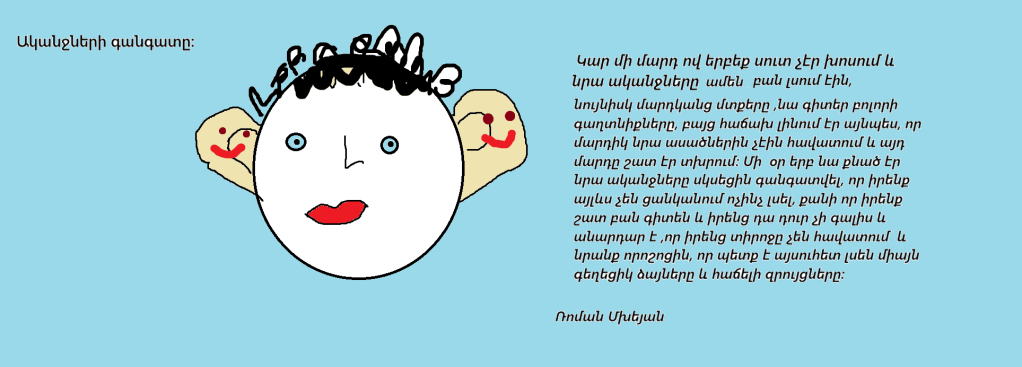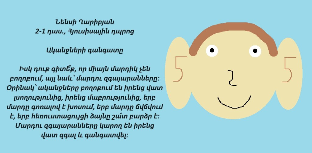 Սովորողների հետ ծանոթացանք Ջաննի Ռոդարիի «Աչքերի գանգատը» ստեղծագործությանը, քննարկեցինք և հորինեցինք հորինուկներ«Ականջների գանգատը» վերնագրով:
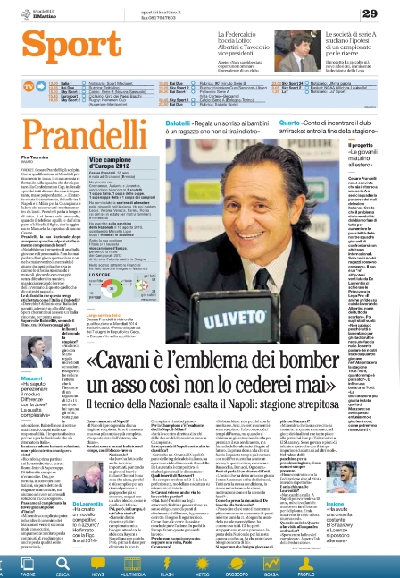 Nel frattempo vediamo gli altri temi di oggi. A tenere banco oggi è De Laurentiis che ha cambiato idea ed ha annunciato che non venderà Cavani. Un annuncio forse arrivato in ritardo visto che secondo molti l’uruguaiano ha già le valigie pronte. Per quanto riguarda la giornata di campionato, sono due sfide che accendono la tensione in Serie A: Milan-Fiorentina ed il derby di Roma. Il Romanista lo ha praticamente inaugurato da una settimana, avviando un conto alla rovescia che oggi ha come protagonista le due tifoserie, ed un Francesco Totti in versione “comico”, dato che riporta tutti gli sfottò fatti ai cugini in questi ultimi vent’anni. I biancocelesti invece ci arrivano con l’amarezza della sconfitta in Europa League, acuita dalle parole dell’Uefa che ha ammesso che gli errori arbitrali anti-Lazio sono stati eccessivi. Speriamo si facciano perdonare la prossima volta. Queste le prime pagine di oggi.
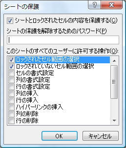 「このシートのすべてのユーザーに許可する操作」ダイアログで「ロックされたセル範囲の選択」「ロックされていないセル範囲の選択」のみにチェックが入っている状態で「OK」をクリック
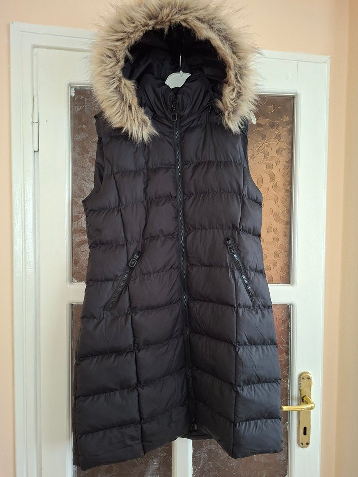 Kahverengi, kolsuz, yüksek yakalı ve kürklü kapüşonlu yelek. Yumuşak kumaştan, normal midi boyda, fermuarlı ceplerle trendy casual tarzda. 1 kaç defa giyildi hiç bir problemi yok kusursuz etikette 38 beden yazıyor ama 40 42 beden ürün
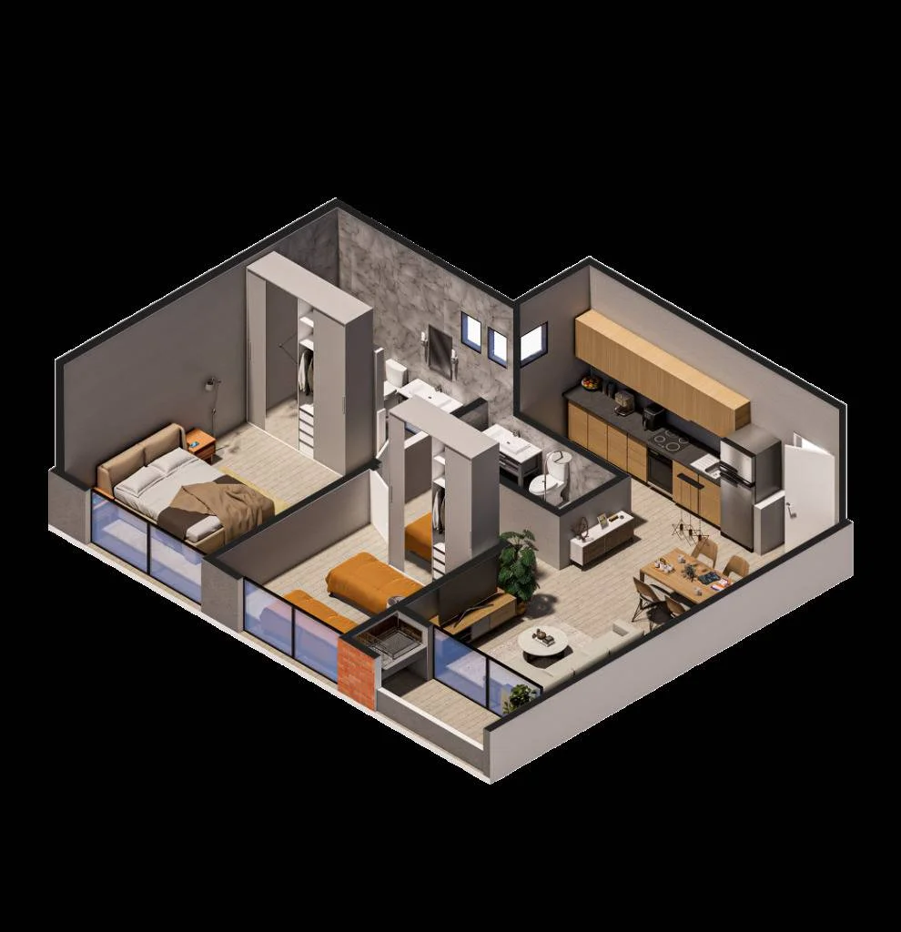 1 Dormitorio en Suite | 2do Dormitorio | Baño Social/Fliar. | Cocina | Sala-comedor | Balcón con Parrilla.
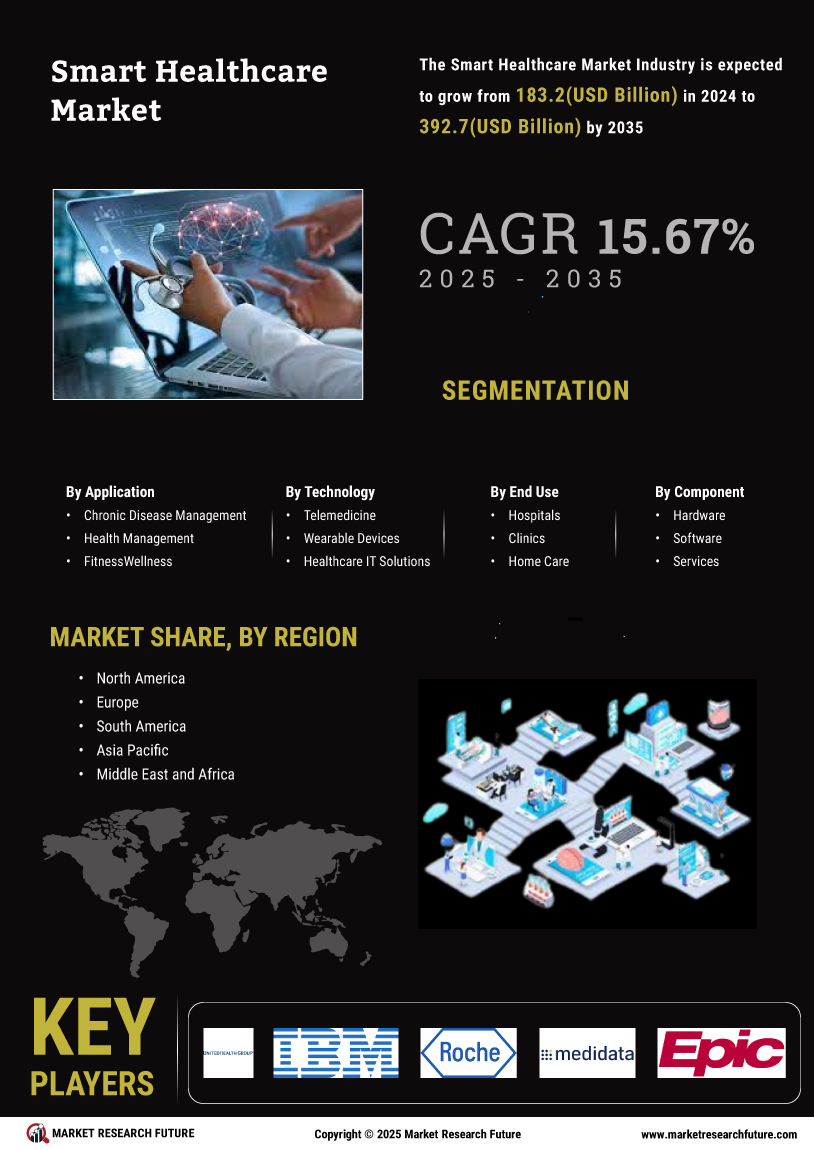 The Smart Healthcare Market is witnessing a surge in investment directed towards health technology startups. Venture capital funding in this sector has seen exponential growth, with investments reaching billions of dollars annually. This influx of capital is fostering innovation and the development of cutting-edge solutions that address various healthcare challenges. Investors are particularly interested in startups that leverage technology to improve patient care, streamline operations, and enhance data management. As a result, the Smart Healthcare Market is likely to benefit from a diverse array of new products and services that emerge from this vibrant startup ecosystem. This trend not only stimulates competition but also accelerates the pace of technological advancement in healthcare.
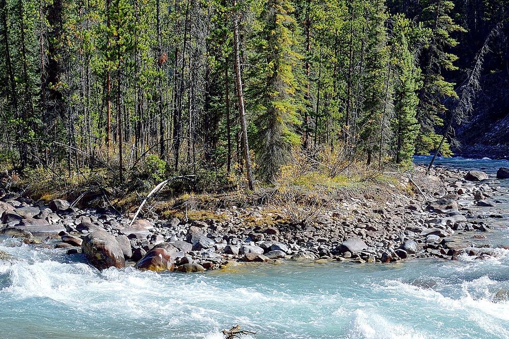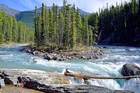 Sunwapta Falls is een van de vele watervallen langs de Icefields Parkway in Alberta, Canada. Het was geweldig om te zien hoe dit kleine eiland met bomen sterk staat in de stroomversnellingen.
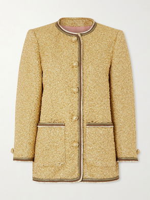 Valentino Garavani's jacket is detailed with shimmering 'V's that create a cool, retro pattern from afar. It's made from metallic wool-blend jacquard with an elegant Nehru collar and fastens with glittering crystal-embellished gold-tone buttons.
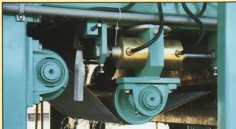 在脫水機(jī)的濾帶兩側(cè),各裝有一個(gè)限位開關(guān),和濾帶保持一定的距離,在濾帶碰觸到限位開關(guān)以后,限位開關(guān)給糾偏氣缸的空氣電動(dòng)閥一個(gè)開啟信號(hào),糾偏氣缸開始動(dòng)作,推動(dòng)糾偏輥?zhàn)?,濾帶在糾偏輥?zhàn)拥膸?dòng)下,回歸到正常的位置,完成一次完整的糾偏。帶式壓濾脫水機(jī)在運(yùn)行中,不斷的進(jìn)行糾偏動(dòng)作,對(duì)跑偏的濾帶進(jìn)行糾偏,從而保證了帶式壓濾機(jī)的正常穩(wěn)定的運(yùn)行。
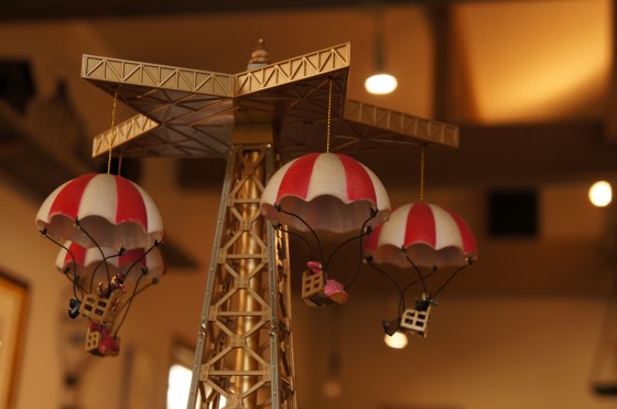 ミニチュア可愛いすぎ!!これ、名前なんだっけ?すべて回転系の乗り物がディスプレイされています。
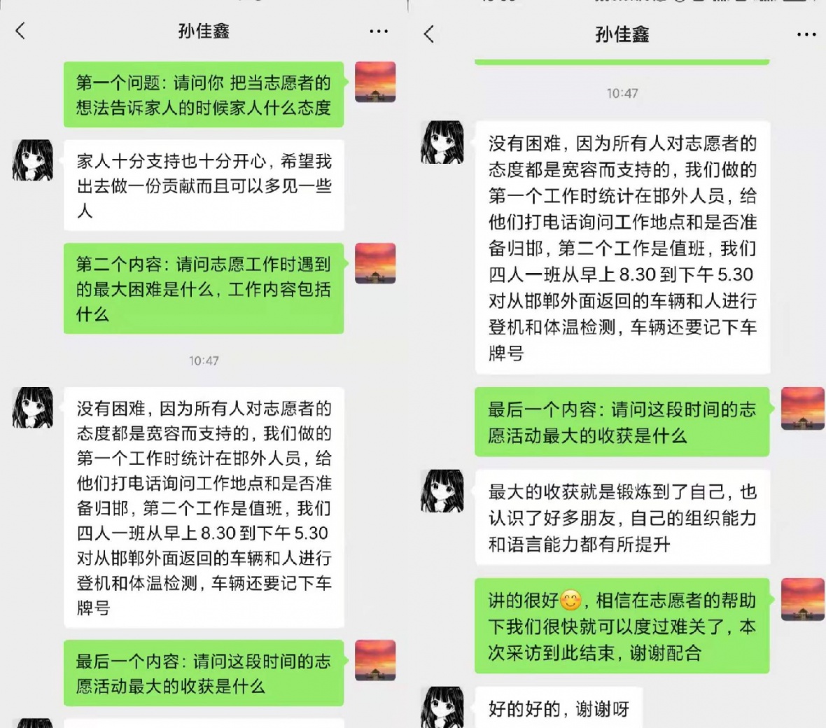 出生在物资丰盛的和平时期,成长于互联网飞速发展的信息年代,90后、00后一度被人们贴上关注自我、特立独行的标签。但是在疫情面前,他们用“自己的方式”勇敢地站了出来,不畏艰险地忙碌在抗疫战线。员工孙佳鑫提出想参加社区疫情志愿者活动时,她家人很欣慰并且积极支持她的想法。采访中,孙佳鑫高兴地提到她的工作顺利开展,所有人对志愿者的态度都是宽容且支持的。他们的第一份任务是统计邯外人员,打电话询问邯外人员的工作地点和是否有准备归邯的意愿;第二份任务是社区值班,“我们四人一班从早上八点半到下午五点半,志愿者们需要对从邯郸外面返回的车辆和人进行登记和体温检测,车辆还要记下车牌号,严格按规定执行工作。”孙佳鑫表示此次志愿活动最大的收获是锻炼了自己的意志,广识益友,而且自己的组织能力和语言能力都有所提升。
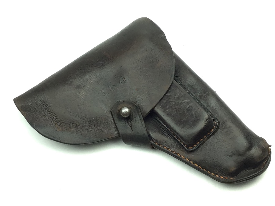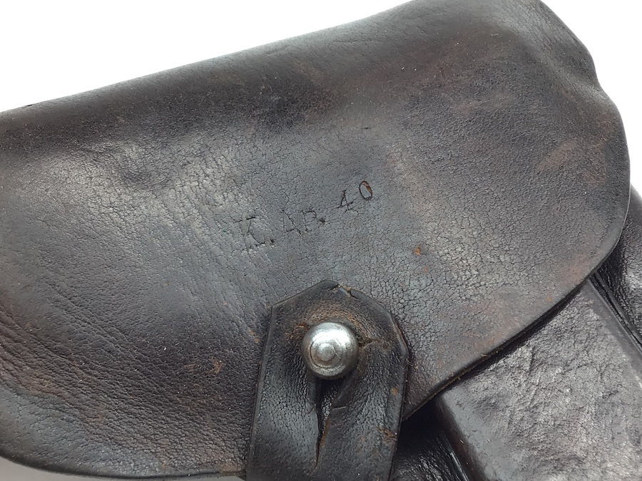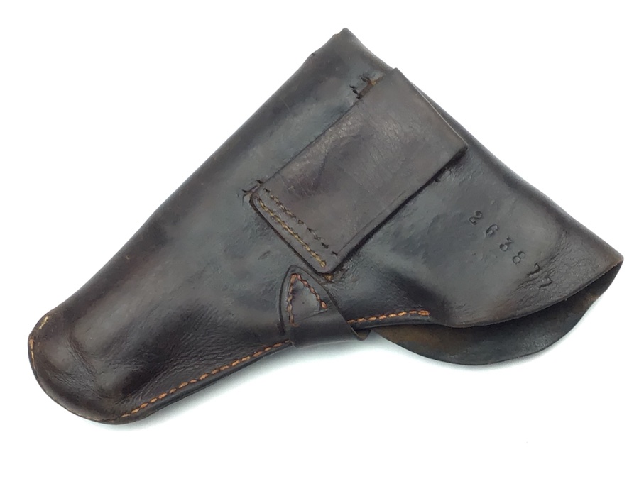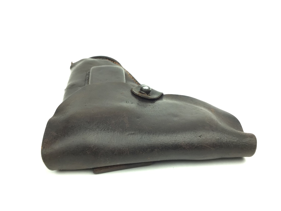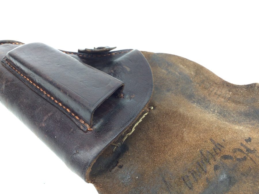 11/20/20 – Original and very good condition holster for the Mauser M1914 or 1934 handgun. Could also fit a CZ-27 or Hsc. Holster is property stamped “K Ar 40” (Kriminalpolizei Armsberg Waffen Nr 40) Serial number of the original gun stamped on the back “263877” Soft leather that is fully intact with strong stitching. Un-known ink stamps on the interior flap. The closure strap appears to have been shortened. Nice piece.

========================================

» **WHAT IS NEEDED**: Every line from the one containing "Valentino Garavani's jacket" to the final line of the records must be transcribed exactly, both ends included, with the pictures left out.

» **RESPONSE BELOW**:
 Valentino Garavani's jacket is detailed with shimmering 'V's that create a cool, retro pattern from afar. It's made from metallic wool-blend jacquard with an elegant Nehru collar and fastens with glittering crystal-embellished gold-tone buttons.
 在脫水機(jī)的濾帶兩側(cè),各裝有一個(gè)限位開關(guān),和濾帶保持一定的距離,在濾帶碰觸到限位開關(guān)以后,限位開關(guān)給糾偏氣缸的空氣電動(dòng)閥一個(gè)開啟信號(hào),糾偏氣缸開始動(dòng)作,推動(dòng)糾偏輥?zhàn)?,濾帶在糾偏輥?zhàn)拥膸?dòng)下,回歸到正常的位置,完成一次完整的糾偏。帶式壓濾脫水機(jī)在運(yùn)行中,不斷的進(jìn)行糾偏動(dòng)作,對(duì)跑偏的濾帶進(jìn)行糾偏,從而保證了帶式壓濾機(jī)的正常穩(wěn)定的運(yùn)行。
 ミニチュア可愛いすぎ!!これ、名前なんだっけ?すべて回転系の乗り物がディスプレイされています。
 出生在物资丰盛的和平时期,成长于互联网飞速发展的信息年代,90后、00后一度被人们贴上关注自我、特立独行的标签。但是在疫情面前,他们用“自己的方式”勇敢地站了出来,不畏艰险地忙碌在抗疫战线。员工孙佳鑫提出想参加社区疫情志愿者活动时,她家人很欣慰并且积极支持她的想法。采访中,孙佳鑫高兴地提到她的工作顺利开展,所有人对志愿者的态度都是宽容且支持的。他们的第一份任务是统计邯外人员,打电话询问邯外人员的工作地点和是否有准备归邯的意愿;第二份任务是社区值班,“我们四人一班从早上八点半到下午五点半,志愿者们需要对从邯郸外面返回的车辆和人进行登记和体温检测,车辆还要记下车牌号,严格按规定执行工作。”孙佳鑫表示此次志愿活动最大的收获是锻炼了自己的意志,广识益友,而且自己的组织能力和语言能力都有所提升。
 11/20/20 – Original and very good condition holster for the Mauser M1914 or 1934 handgun. Could also fit a CZ-27 or Hsc. Holster is property stamped “K Ar 40” (Kriminalpolizei Armsberg Waffen Nr 40) Serial number of the original gun stamped on the back “263877” Soft leather that is fully intact with strong stitching. Un-known ink stamps on the interior flap. The closure strap appears to have been shortened. Nice piece.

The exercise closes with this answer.